Help using Base SAS procedures

Removing records in a time series that do not satisfy certain conditions_phaseII

Accepted Solution Solved
Reply
Super Contributor
Posts: 338
Accepted Solution

Removing records in a time series that do not satisfy certain conditions_phaseII

Hi SAS Discussion Forum,

In the data set (belwo), bank_number, Account_number and current_date are the

variables that would uniquely identify a record. 

You will see account_number 111 and 777 in two places but they are unique as they belong to 2 different banks.

data a;

informat Current_date date9.;

Input Current_date   Account_number $12-14 Arrears_Band $17-23 bank_number;

Format Current_date date9.;

cards;

28FEB2010  111  NPNA    10

31MAR2010  111  Current 10

31MAY2010  111  NPNA    10

31MAR2010  222  NPNA    20

31MAY2010  222  Current 20

31OCT2010  222  Current 20

30JUN2011  222  90 +    20

31JUL2011  222  NPNA    20

28FEB2010  444  30 - 60 30

31MAR2010  444  Current 30

30APR2010  444  30 - 60 50

31MAY2010  444  Current 50

28FEB2010  555  60 - 90 70

30JUN2011  555  90 +    70

31MAR2011  666  60 - 90 80

30JUN2011  666  90 +    80

28FEB2010  777  90 +    90

30JUN2011  777  Current 90

31MAR2011  111  90 +    100

30JUN2011  111  Current 100

31DEC2010  999  Current 10

31JAN2011  999  NPNA    10

28FEB2010  123  NPNA    20

31MAR2010  123  NPNA    20

30APR2010  123  NPNA    20

31DEC2010  777  Current 90

31JAN2011  777  NPNA    90

28FEB2011  777  NPNA    90

31MAR2011  777  NPNA    90

;

run;

/*Question:

I need to remove all the records that do not satisfy the below 2 conditions.

1) For a given 'account_number', when first occurrence of 'current_date'

=28FEB2010, 'Arrears_Band' could take any value

2) For a given 'account_number', when first occurrence of 'current_date'

^=28FEB2010, "Arrears_Band" must be "Current"

Answer:

All Records pertaining to combinations below should be completely removed from our data set using a suitable code (pink color records should be removed from data set).

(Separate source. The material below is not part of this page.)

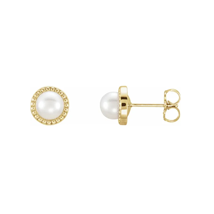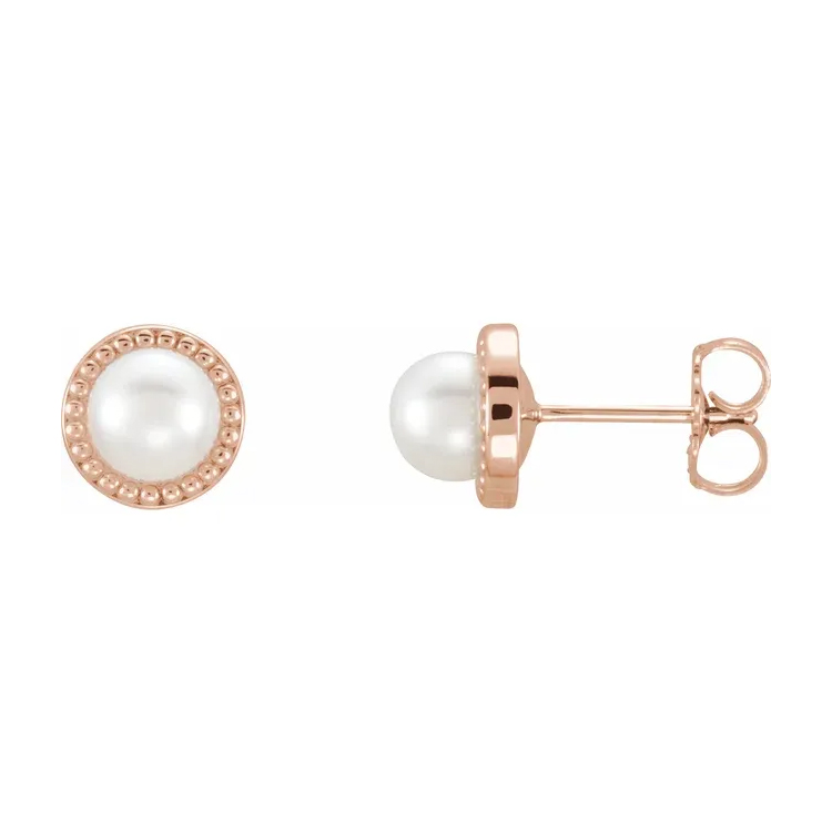 Stud Earrings, White Pearl, Beaded Halo-Style. Available in 14k Rose Gold, 14k White Gold and 14k Yellow Gold. Cultured White Freshwater Size Range 5.5-6.0 mm. Friction Backs Included.
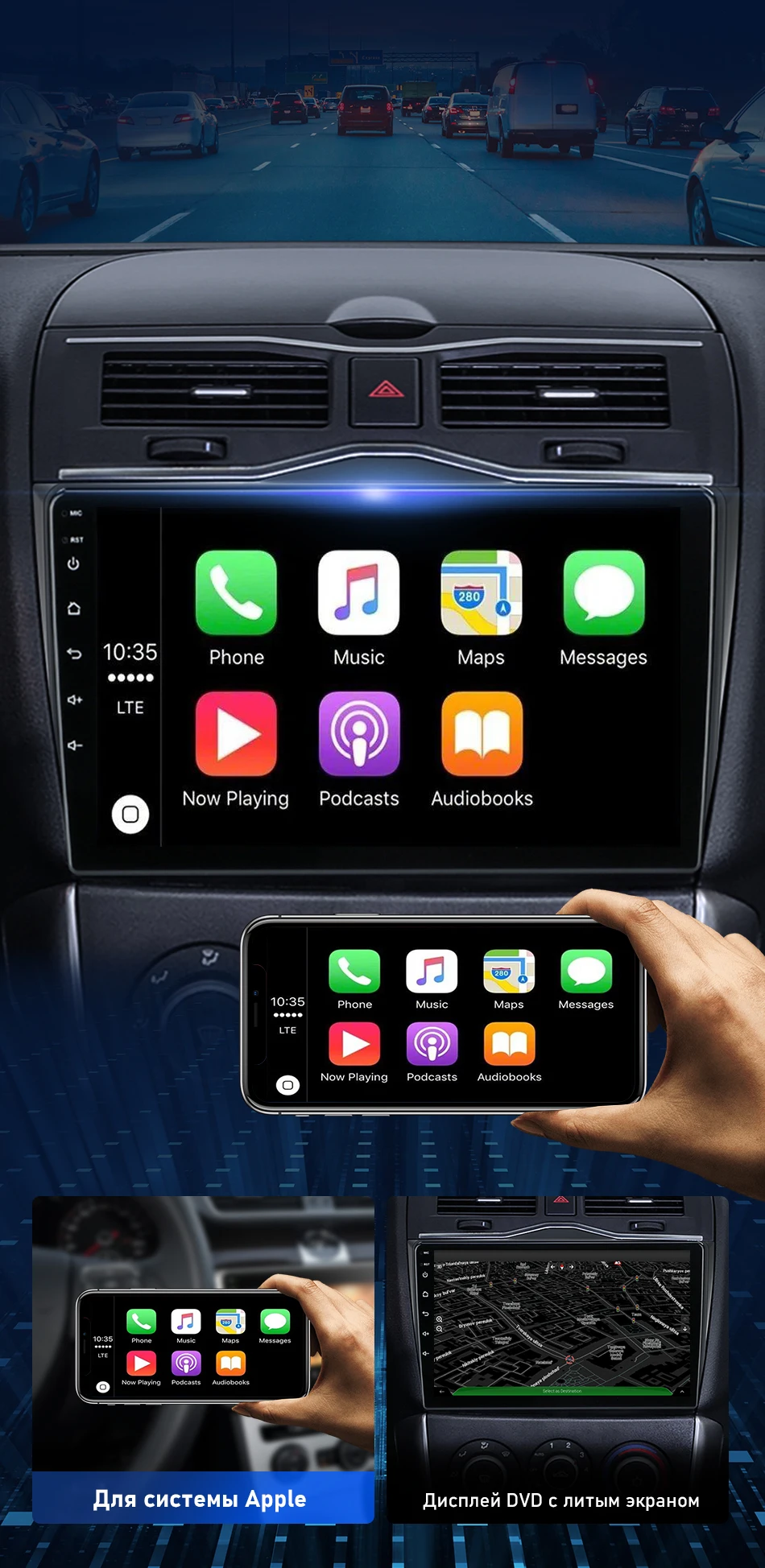 T9 supports mirroring connection of Android and IOS mobile phones, the screen of the mobile phone is displayed on the radio screen, driving is more convenient and intelligent

Account_number   Bank_number

222                  20

444                  50

666                  80

111                  100

My effort:

I have tried the following code (Bolotin, Haikuo, Dan et

al. gratefully acknowledged) but doesn’t work.

proc sort data=a out=TT;

by bank_number account_number current_date;

run;

data want;

    set tt;

    by bank_number account_number current_date;

    if first.current_date

      then _f1 = current_date ne '28FEB2010'd and Arrears_Band

ne 'Current' ;

        retain _f1;

    if _f1 ne 1 then output;

drop _:;

run;

Could anyone of you please help me to code this.

Thank you

Mirisage


Accepted Solutions
Solution
‎08-20-2012 10:26 PM
Respected Advisor
Posts: 3,124

Re: Removing records in a time series that do not satisfy certain conditions_phaseII

All you need may only involve one small change in your original code:

data want;

    set tt;

    by bank_number account_number current_date;

    if first.account_number

      then _f1 = (current_date ne '28FEB2010'd and Arrears_Band

                    ne 'Current') ;

        retain _f1;

    if _f1 ne 1 then output;

drop _:;

run;

Haikuo

View solution in original post


All Replies
Solution
‎08-20-2012 10:26 PM
Respected Advisor
Posts: 3,124

Re: Removing records in a time series that do not satisfy certain conditions_phaseII

All you need may only involve one small change in your original code:

data want;

    set tt;

    by bank_number account_number current_date;

    if first.account_number

      then _f1 = (current_date ne '28FEB2010'd and Arrears_Band

                    ne 'Current') ;

        retain _f1;

    if _f1 ne 1 then output;

drop _:;

run;

Haikuo

Super User
Posts: 9,671

Re: Removing records in a time series that do not satisfy certain conditions_phaseII

If I understand what you  mean.

data a;
informat Current_date date9.;
Input Current_date   Account_number $12-14 Arrears_Band $17-23 bank_number;
Format Current_date date9.;
cards;
28FEB2010  111  NPNA    10
31MAR2010  111  Current 10
31MAY2010  111  NPNA    10
31MAR2010  222  NPNA    20
31MAY2010  222  Current 20
31OCT2010  222  Current 20
30JUN2011  222  90 +    20
31JUL2011  222  NPNA    20
28FEB2010  444  30 - 60 30
31MAR2010  444  Current 30
30APR2010  444  30 - 60 50
31MAY2010  444  Current 50
28FEB2010  555  60 - 90 70
30JUN2011  555  90 +    70
31MAR2011  666  60 - 90 80
30JUN2011  666  90 +    80
28FEB2010  777  90 +    90
30JUN2011  777  Current 90
31MAR2011  111  90 +    100
30JUN2011  111  Current 100
31DEC2010  999  Current 10
31JAN2011  999  NPNA    10
28FEB2010  123  NPNA    20
31MAR2010  123  NPNA    20
30APR2010  123  NPNA    20
31DEC2010  777  Current 90
31JAN2011  777  NPNA    90
28FEB2011  777  NPNA    90
31MAR2011  777  NPNA    90
;
run;

data a temp(keep=group);
 set a ;
 by bank_number Account_number notsorted;
 if first.account_number then do;
                                group+1;
                                if Current_date ne '28FEB2010'd and Arrears_Band ne "Current" then output temp;
                              end;
 output a;
run;
data want;
 merge a temp(in=inb);
 by group;
 if not inb;
run;
 

Ksharp

Super Contributor
Posts: 338

Re: Removing records in a time series that do not satisfy certain conditions_phaseII

Hi Haikuo and Ksharp.

Both of your codes are ideally working for the given sample data set.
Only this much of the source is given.